EXERCISE INSTRUCTIONS: Restate the following data in its entirety, word for word and without images.

DATASET EXTRACT:
== Segment start ==

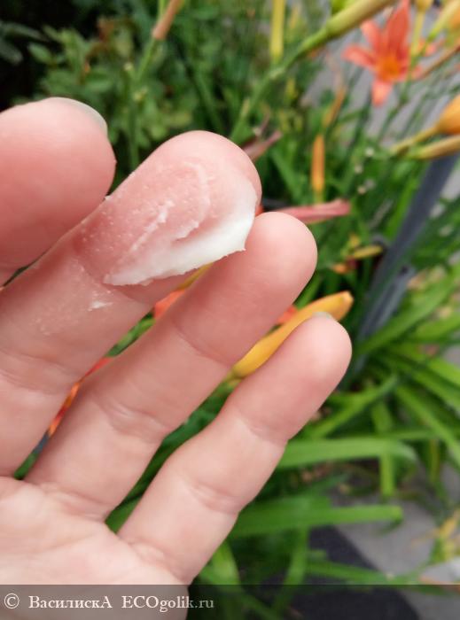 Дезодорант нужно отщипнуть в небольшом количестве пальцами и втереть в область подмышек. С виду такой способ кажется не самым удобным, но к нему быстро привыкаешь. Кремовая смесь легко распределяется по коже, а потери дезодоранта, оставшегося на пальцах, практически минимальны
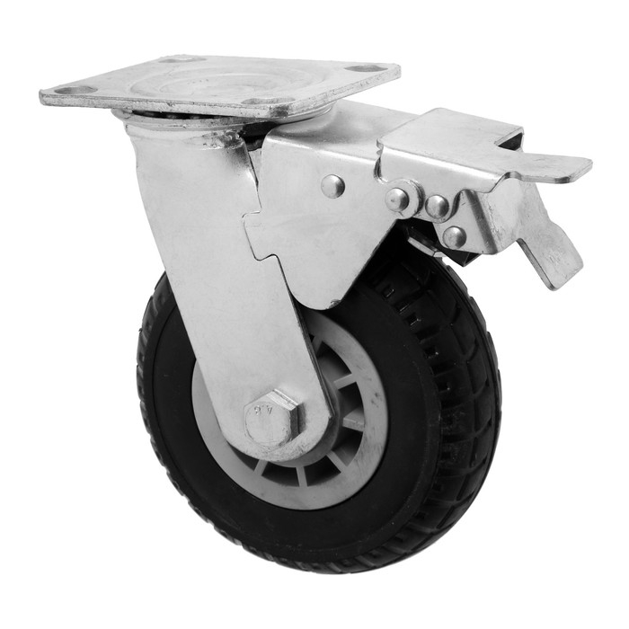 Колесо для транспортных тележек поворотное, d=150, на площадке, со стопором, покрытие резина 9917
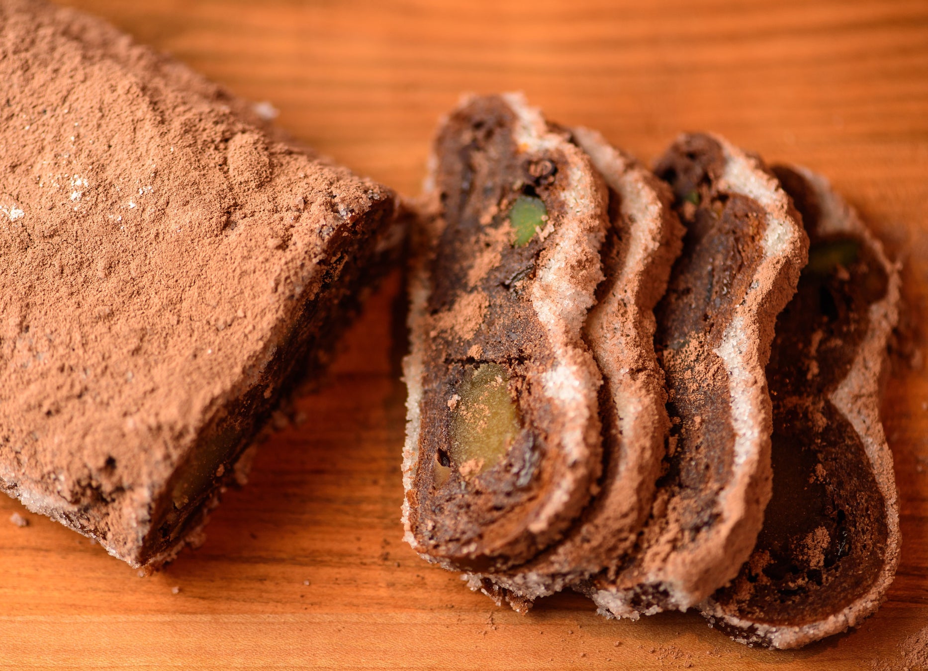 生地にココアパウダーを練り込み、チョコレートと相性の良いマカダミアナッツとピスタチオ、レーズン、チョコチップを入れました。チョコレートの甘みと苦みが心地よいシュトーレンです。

== Segment end ==

TASK RESPONSE:
 Дезодорант нужно отщипнуть в небольшом количестве пальцами и втереть в область подмышек. С виду такой способ кажется не самым удобным, но к нему быстро привыкаешь. Кремовая смесь легко распределяется по коже, а потери дезодоранта, оставшегося на пальцах, практически минимальны
 Колесо для транспортных тележек поворотное, d=150, на площадке, со стопором, покрытие резина 9917
 生地にココアパウダーを練り込み、チョコレートと相性の良いマカダミアナッツとピスタチオ、レーズン、チョコチップを入れました。チョコレートの甘みと苦みが心地よいシュトーレンです。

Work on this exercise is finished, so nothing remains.